Friday, August 31, 2012
Had my usual Friday dinner with daughter at Taco Bell. The conversation focused on her pending move to a smaller (and more affordable) apartment, and the 10K we registered for on Thanksgiving Day. She's trying to train, and currently maxes out at running for 30 seconds. She thinks she could walk a 10K, it would take her about 2 hours, and she might not be able to walk very well the next day.
I see no reason to doubt her self-assessment. For now, she's trying to build up to being able to run for a minute at a time, in preparation for starting the 5K Your Way beginner's program. I think she has correctly identified motivation as her biggest challenge; I'm doing what I can to encourage her.
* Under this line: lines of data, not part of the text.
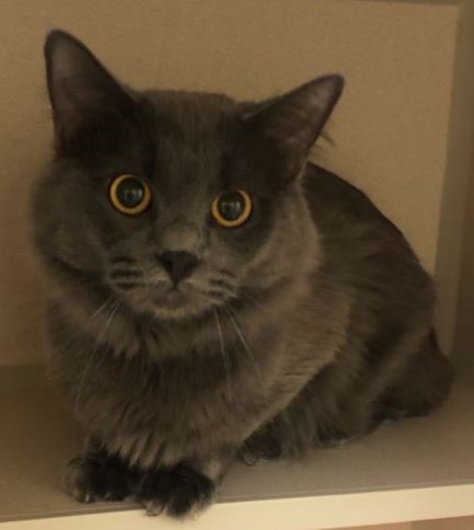 Darwin is a 1-year-old Maine coon mix with a beautiful soft coat and stunning amber eyes. He is litter box trained and his vaccinations are current. This handsome boy would make an excellent companion.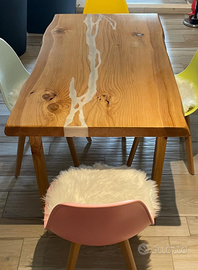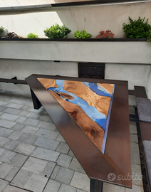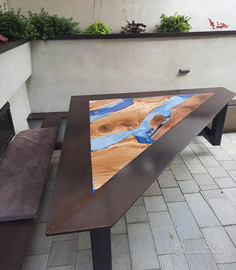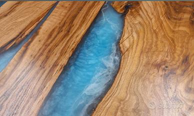 Realizzazione di qualsiasi elemento di arredo con legno pregati come mensole Tavoli tavolini scrivania top bagno consolle mobile bagno libreria mobile TV porte scale e molto altro con possibilità di personalizzazione con inserto in resina per interno e esterno per creare un arredo completamente unico e personalizzato per maggiori informazioni scrivetemi Grazie
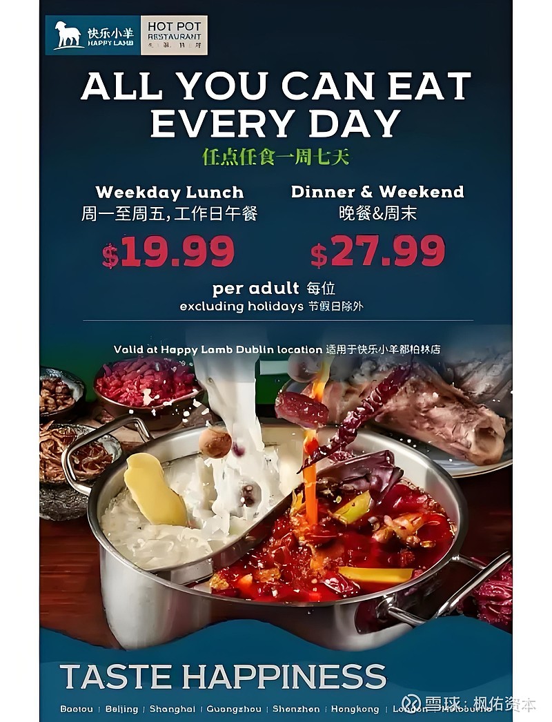快乐小羊则以供应链本土化构建核心优势,在澳洲选用比利时蓝羊,在英国选用威尔士羊,实现食材本地化采购与新鲜供应,既降低了跨境物流成本,又贴合本地食材偏好,其欧美门店凭借健康新鲜的定位收获广泛认可,成为区域市场的热门选择。这些品牌的成功运营,构建起欧美中式火锅市场的激烈竞争格局,也为特海国际的扩张设置了多重壁垒。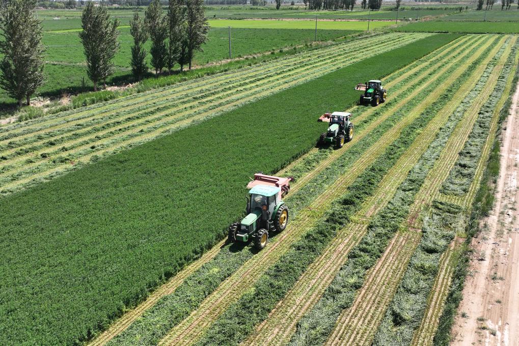 每逢夏季,在巴彦淖尔市磴口县包尔盖农场圣牧草业有机苜蓿产业园区内,近6万亩紫花苜蓿迎风摇曳,自走式割草机等大型机械来回穿梭,呈现一派繁忙的收获景象。该园区负责人李军说,他们通过优化种植结构,精准规划收获时间节点,大幅提升饲草亩均效益,确保苜蓿营养成分优、品质好、产量高,平均亩产1吨左右。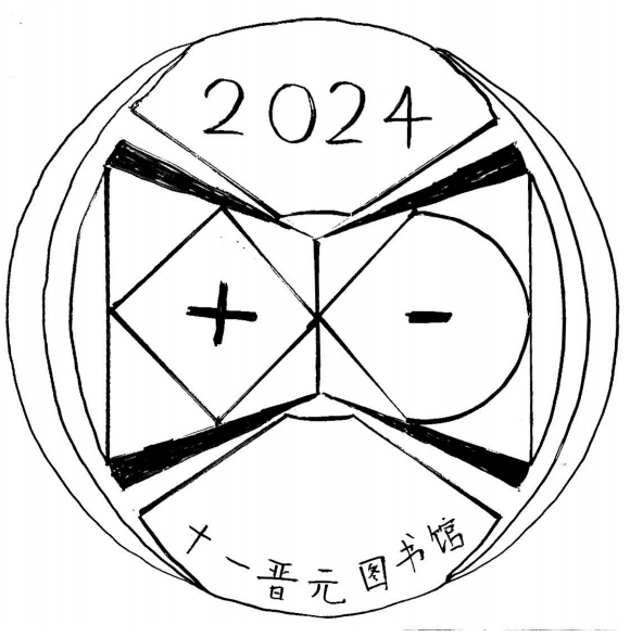 此藏书章外圆内方,体现十一学子思方行圆的理念。中间是一本展开的书,书是方形的,有变体,象征着我们通过读书深思领悟成长,成为一个坚持原则,但不拘泥规则的人。2024年是甲辰龙年,标志以“龙”型为核心。造型呈繁体“書”字,表示图书馆。寓意是晋元少年以书为路,层层进阶,勇攀龙首。“十一晋元图书馆 2024”的logo以独特的设计展现出丰富的内涵。整体字体的变形设计融入一个圆圈,象征着知识的完整与无限循环。圆圈代表着包容与统一,寓意着图书馆海纳百川,容纳古今中外的各类知识,为读者提供全面而广泛的阅读资源。字体变形藏书章样式的设计则赋予了这个logo 一份古朴与厚重。它仿佛在诉说着知识的传承与积累,就像一本本珍贵的藏书,承载着历史的智慧和岁月的沉淀。2024 这个时间标识,不仅记录了当下,更象征着图书馆在这一年以及未来不断发展、与时俱进的决心。它预示着图书馆将紧跟时代步伐,不断更新和丰富馆藏,以满足学生读者日益增长的知识需求。整个 logo 体现了十一晋元图书馆在 2024年作为知识宝库的坚守与创新,致力于为学生打造一个充满魅力与智慧的知识殿堂。主体为圆形设计,外圆加粗,表达图书馆的厚重,内圆上半部分是20,下半部分是24,左半部分上面的 2 演绎了晋字,左半部分下面的2演绎了元字,0中有图书,开启我们的晋元中学读书之旅。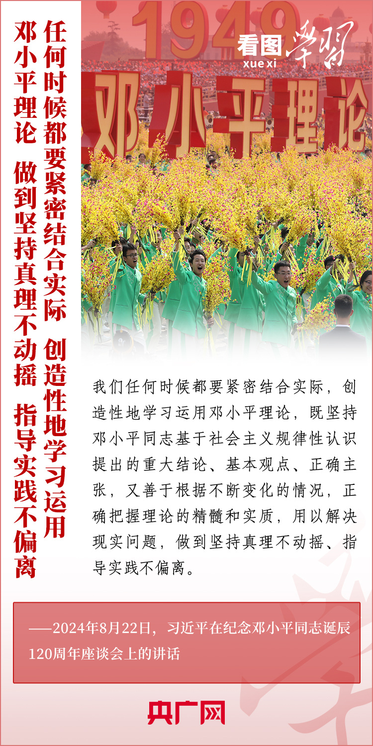 8月22日,習(xí)近平總書(shū)記在紀(jì)念鄧小平同志誕辰120周年座談會(huì)上發(fā)表重要講話指出,鄧小平同志的歷史功勛是全方位的、開(kāi)創(chuàng)性的,對(duì)中國(guó)和世界的影響是深刻的、長(zhǎng)遠(yuǎn)的??倳?shū)記強(qiáng)調(diào),對(duì)鄧小平同志最好的紀(jì)念,就是把他開(kāi)創(chuàng)的中國(guó)特色社會(huì)主義事業(yè)繼續(xù)推向前進(jìn)。我們要緊緊圍繞以中國(guó)式現(xiàn)代化全面推進(jìn)強(qiáng)國(guó)建設(shè)、民族復(fù)興偉業(yè)這個(gè)中心任務(wù),繼往開(kāi)來(lái),奮發(fā)進(jìn)取。一起來(lái)學(xué)習(xí)!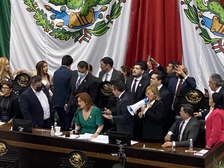 Hubo un receso y al regreso los de Morena, se reunieron afuera del pleno, Ursula hablaba por teléfono y Peor Braña vino a avisar ya la están votando.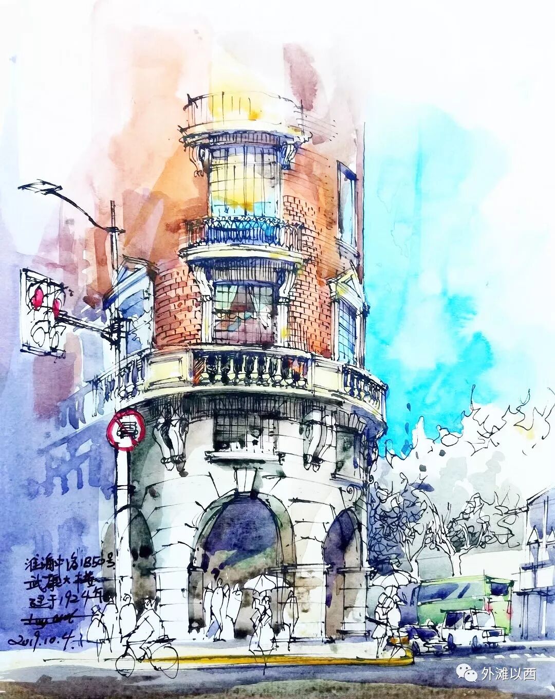 我们从大量的陆军街头钢笔淡彩画里找一些有我们专题报道过的老建筑,如常熟路上的瑞华公寓,链接点进去看看:《麦小姐的故事之16:1928年建造的瑞华公寓里那些外国人以及开发商林先生传说和考证》。
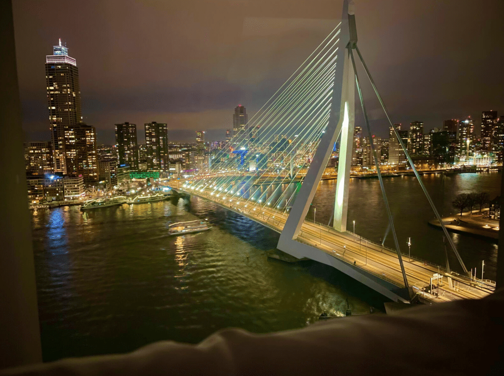 Het nhow Rotterdam hotel zou ook nwow kunnen heten, vanwege het spectaculaire uitzicht op de Rotterdamse skyline en de Erasmusbrug, die ’s avonds práchtig is verlicht. Een zeer gastvriendelijke plek in een romantische ambiance, om even te onthaasten. Het voortreffelijke uitgebreide ontbijt (op bed) zal daaraan bijdragen. De sfeervolle en drukbezochte Gastrobar Elvy, op de zevende etage met dakterras, biedt heerlijke gerechten en cocktails. Verder heeft het een hotel een eigen sauna, met eveneens dat geweldige uitzicht. Kortom: genieten geblazen! nhow-hotels.com

For my part, I'm pretty sure I could walk 10K. The open question is whether I'll be able to run 10K by Thanksgiving, or whether my attempts to train up to that flame out and result in my not being able to walk that far. Time will tell.
As of this evening, my bad foot is still less than 100%. But it isn't keeping me from walking, and yesterday's walk-run intervals didn't make it obviously worse. So another set of walk-run intervals is on the agenda for tomorrow. I'll have to think about how long I want to go, and whether I want to shift from walk 4, run 1 to walk 3, run 1. For sure I don't want the running interval to be longer than one minute right now. Caution is the current watchword.
It will be hard to stay cautious. I'm really looking forward to running regularly again.